Evaluation datasets, LMDB datasets can be downloaded from BaiduYun (password:fjyy) or RuiKe

IIIT5K Words (IIIT5K)
ICDAR 2013 (IC13)
Street View Text (SVT)
ICDAR 2015 (IC15)
Street View Text-Perspective (SVTP)
CUTE80 (CUTE)

The structure of data directory is

datasets
├── evaluation
│   ├── Sumof6benchmarks
│   ├── CUTE
│   ├── IC13
│   ├── IC15
│   ├── IIIT5K
│   ├── SVT
│   └── SVTP
└── train
    ├── MJSynth
    └── SynthText

Evaluation

Results on 6 benchmarks

Methods IIIT5K IC13 SVT IC15 SVTP CUTE
Paper 95.8 95.7 91.7 83.7 86.0 88.5
This implementation 95.9 96.3 90.7 84.1 85.3 88.9

Download our trained model in BaiduYun (password: e3kj) or RuiKe (password: cxqi), and put it in output/LA/final.pth.

CUDA_VISIBLE_DEVICES=0 python eval.py

Visualize character-wise mask map

Examples of the visualization of mask_c: image

   CUDA_VISIBLE_DEVICES=0 python visualize.py

You can modify the 'mask_id' in cfgs/cfgs_visualize to change the mask position for visualization.

Results on OST datasets

Occlusion Scene Text (OST) dataset is proposed to reflect the ability for recognizing cases with missing visual cues.

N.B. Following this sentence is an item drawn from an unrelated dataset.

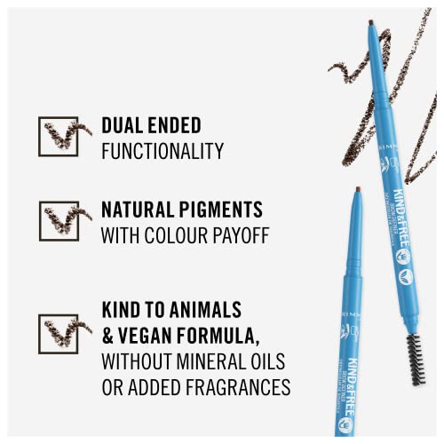 Rimmel London Kind & Free Matita Sopracciglia Brow Definer, Pigmenti naturali, Effetto naturale, Formula vegana - 006 - Espresso, 0.09g
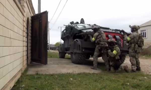 «Защищенный автомобиль» «Фалькатус» Центра специального назначения (ЦСН) ФСБ России в ходе совместной контртеррористической спецоперации ФСБ и МВД в поселке Ленинкент. Махачкала (Дагестан), 13.04.2016 (с) кадры с видео Национального антитеррористического комитета России

This dataset is collected from 6 benchmarks (IC13, IC15, IIIT5K, SVT, SVTP and CT) containing 4832 images. Images in this dataset are manually occluded in weak or heavy degree. Weak and heavy degrees mean that we occlude the character using one or two lines. For each image, we randomly choose one degree to only cover one character.

Examples of images in OST dataset: image image

Methods Average Weak Heavy
Paper 60.3 70.3 50.3
This implementation 60.3 70.8 49.8

The LMDB dataset is available in BaiduYun (password:yrrj) or RuiKe (password: vmzr)

Training

4 2080Ti GPUs are used in this implementation.

Language-free (LF) process

Step 1: We first train the vision model without MLM. (Our trained LF_1 model(BaiduYun) (password:avs5) or RuiKe (password:qwzn))

   CUDA_VISIBLE_DEVICES=0,1,2,3 python train_LF_1.py

Step 2: We finetune the MLM with vision model (Our trained LF_2 model(BaiduYun) (password:04jg) or RuiKe (password:v67q))

   CUDA_VISIBLE_DEVICES=0,1,2,3 python train_LF_2.py

Language-aware (LA) process

Use the mask map to guide the linguistic learning in the vision model.

   CUDA_VISIBLE_DEVICES=0,1,2,3 python train_LA.py

Tip: In LA process, model with loss (Loss VisionLAN) higher than 0.3 and the training accuracy (Accuracy) lower than 91.0 after the first 200 training iters obains better performance.

Improvement

  1. Mask id randomly generated according to the max length can not well adapt to the occlusion of long text. Thus, evenly sampled mask id can further improve the performance of MLM.
  2. Heavier vision model is able to capture more robust linguistic information in our later experiments.

Citation

If you find our method useful for your reserach, please cite

 @article{wang2021two,
  title={From Two to One: A New Scene Text Recognizer with Visual Language Modeling Network},
  author={Wang, Yuxin and Xie, Hongtao and Fang, Shancheng and Wang, Jing and Zhu, Shenggao and Zhang, Yongdong},
  journal={ICCV},
  year={2021}
}

Feedback

Suggestions and discussions are greatly welcome. Please contact the authors by sending email to [email protected]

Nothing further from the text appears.